> **Task goal**:
With the pictures left out, set down the line containing "PajakMania Workshop 6" and each line after it to the end of the material, exactly as written.

BEGIN Collected data

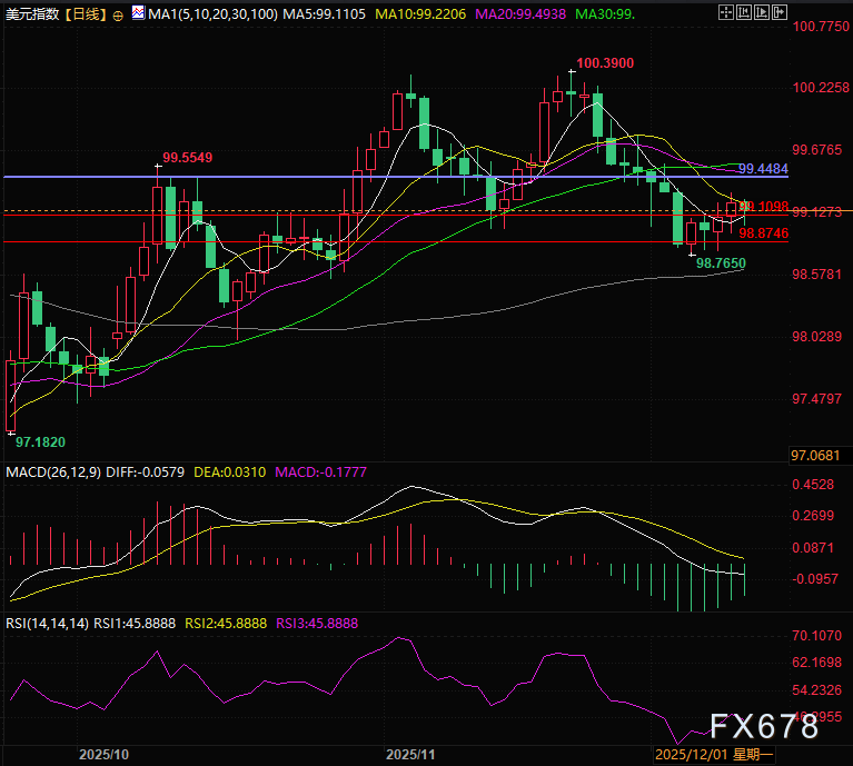 美联储12月议息会议今日落幕,市场对25个基点降息的定价概率已达90%,但美元指数并未因“降息落地”承压,反而坚守99.00关口上方维持微弱反弹。
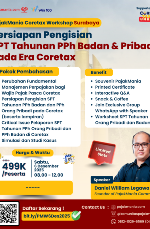 PajakMania Workshop 6 Desember 2025 – Persiapan Pengisian SPT Tahunan PPh Badan & Pribadi Pada Era Coretax
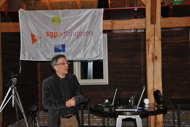 16-2-2013 In het SJOS gebouw hield de Staatkundig Gereformeerde Studievereniging Staphorst e.o. (SGS) vrijdagavond een mediatraining. Te gast was Jan van Klinken, oud-journalist en nu een bekend columnist. Doel van deze avond was het oefenen in het omgaan met diverse media. Voordat het interviewen begon, werd kort ingegaan op een
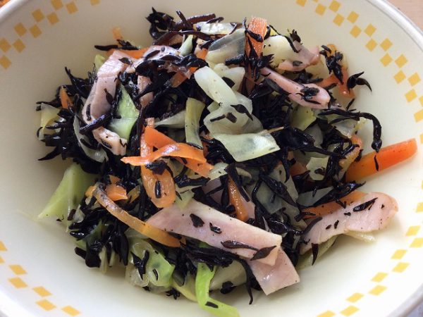 ☆ 「ひじきのサラダ」は下味をつけたひじきと野菜を合わせます。

END Collected data

> **The completed task**:
 PajakMania Workshop 6 Desember 2025 – Persiapan Pengisian SPT Tahunan PPh Badan & Pribadi Pada Era Coretax
 16-2-2013 In het SJOS gebouw hield de Staatkundig Gereformeerde Studievereniging Staphorst e.o. (SGS) vrijdagavond een mediatraining. Te gast was Jan van Klinken, oud-journalist en nu een bekend columnist. Doel van deze avond was het oefenen in het omgaan met diverse media. Voordat het interviewen begon, werd kort ingegaan op een
 ☆ 「ひじきのサラダ」は下味をつけたひじきと野菜を合わせます。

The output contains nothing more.